Arm trafficking and terrorism in Sub-Saharan Africa 

The preamble of the United Nations Program of Action to Prevent, Combat, and Eradicate the Illicit Trade in Small Arms and Light Weapons in All Its Aspects (UNPoA) clearly acknowledges "the close link between terrorism, organized crime, trafficking in drugs and precious minerals and the illicit trade in small arms and light weapons" and therefore underscores  "the urgency of international efforts and cooperation aimed at combating this trade simultaneously from both a supply and demand perspective." The proliferation of arms in Africa has been a longstanding threat to the security and the stability of states and the situation has worsened since the fall of Kaddafi, former Libyan president, prompting an ongoing heated debate in African circles as to whether this widely supported move by western powers was strategically beneficial for Africa. Even Jean Ping, former president of the Commission of the African Union, who was in office at the time of the coup against Kaddafi, joined the chorus of regrets two months ago through his controversial book entitled "Eclipse sur l'Afrique : fallait-il tuer Kadhafi? (Eclipse on Africa: Should Kadafi have been killed)" Most analysts agreed today that the dismantling of Kaddafi regime has benefited a good number of militia in the Sahel region, thereby boosting both arms trafficking and the rebellion business. This has not been good news for a number of countries in West, Central, and East Africa. The proliferation of rebels and terrorist movements in Northern Mali is a good illustration.
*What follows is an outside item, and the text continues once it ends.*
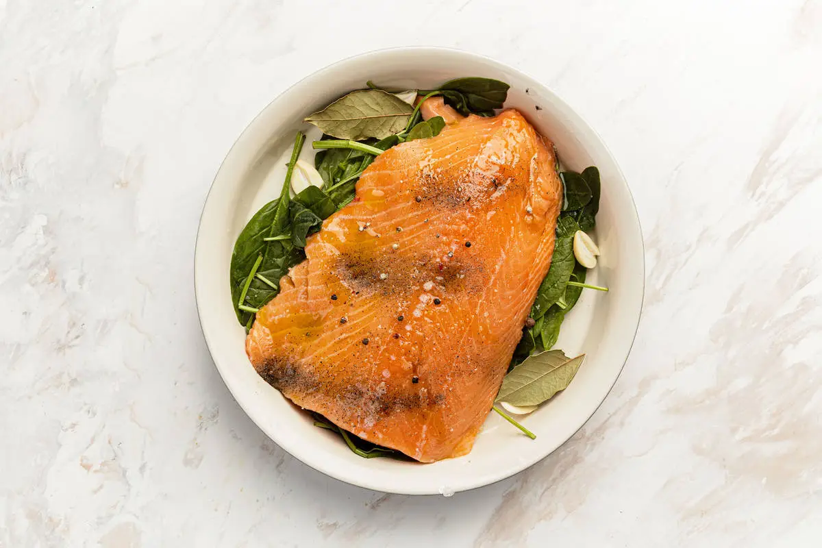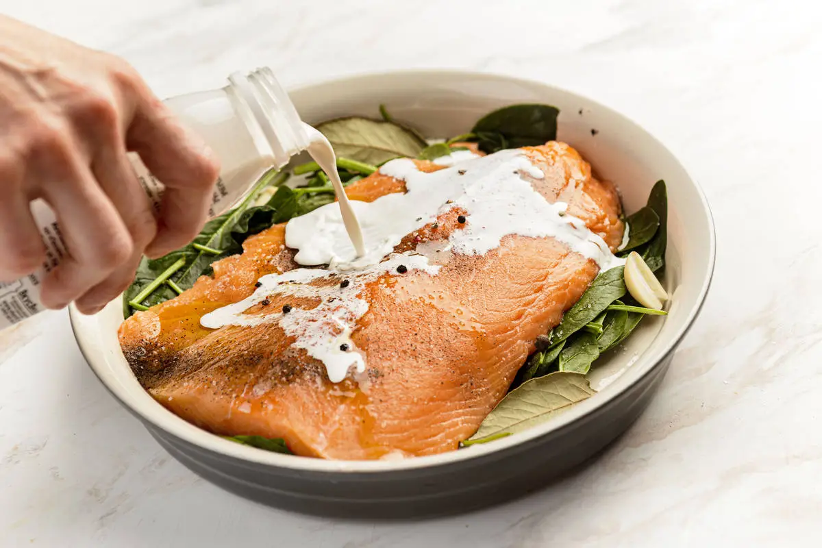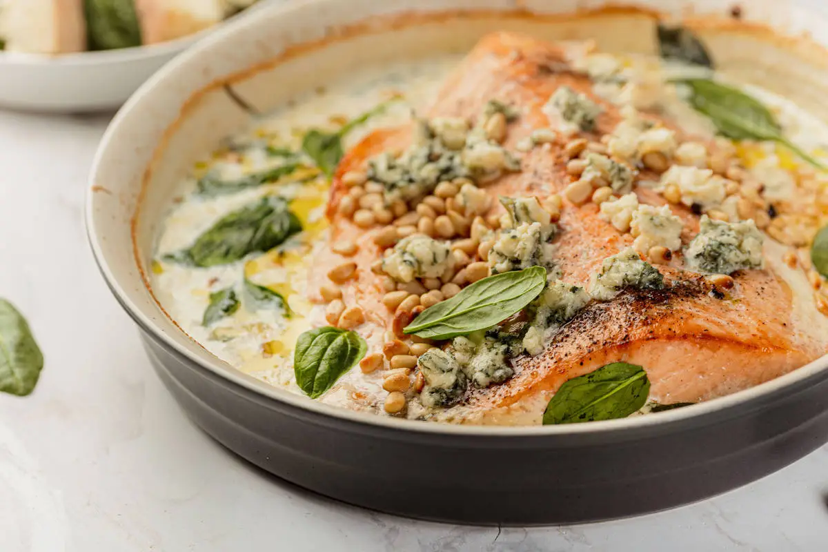 Лосось в сливочном соусе со шпинатом и голубым сыром
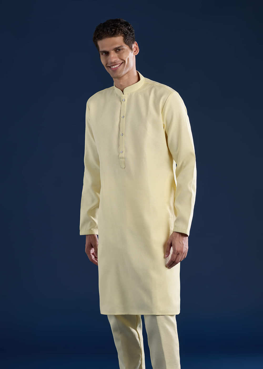 Radiating warmth and festive vibrance, this yellow silk jacket and kurta set with matching pants captures the essence of traditional elegance. The rich silk fabric enhances the brilliance of the... More Product Details

In the past three years Mali, the Central African Republic and Nigeria have been three primary test cases on the ability of African states to ensure the security of their national territories and people. Unfortunately in all three instances, national governments as well as regional and continental institutions have exhibited their weakness in dealing with the rebellion business threatening their people and their sovereignty.  The poverty and the politics of marginalization, rampant in many countries, constitute some of the main factors conducive to insurgencies. However, the wild proliferation of arms, hypocritically handled by the international community, is one very essential aspect of the problem.  Alex Vines, Director of regional and security studies at Chatham House (London), underscores the seriousness of the challenge particularly in West Africa: "These conflicts have been fuelled by a pool of young people frustrated by a lack of employment prospects and easy access to light weapons. Combating access to such weapons is important in any development efforts to support this fragile and troubled region. There are eight million illicit small arms and light weapons in West Africa, according to the United Nations Development Programme (UNDP)".

The rebellion business

The recent political history of Sub-Saharan Africa is fraught with rebel movements. In the decades of struggle for independence and for liberation from autocratic and oppressive regimes, rebel movements in most African countries embodied the aspiration of African peoples to freedom and dignity. Many African sons and daughters sacrificed their lives to break the yoke of colonization and dictatorships. In postcolonial Africa, rebel movements were also prompted or supported during the Cold War by both the US and the Soviet Union as they scrambled for ideological and economic hegemony. The end of the Cold War was followed by the wind of democratization which blew away a number of autocratic regimes, subsequently generating high hopes for a more stable and prosperous Africa. Unfortunately, the ongoing process of democratization has not halted the rise of rebel movements vying for political power. Since the 1990s, the struggle for democracy has been fraught with the rise of some of the bloodiest civil conflicts opposing insurgents to ruling regimes, resulting in the loss of millions of lives, and the deployment of expensive UN peace-keeping forces.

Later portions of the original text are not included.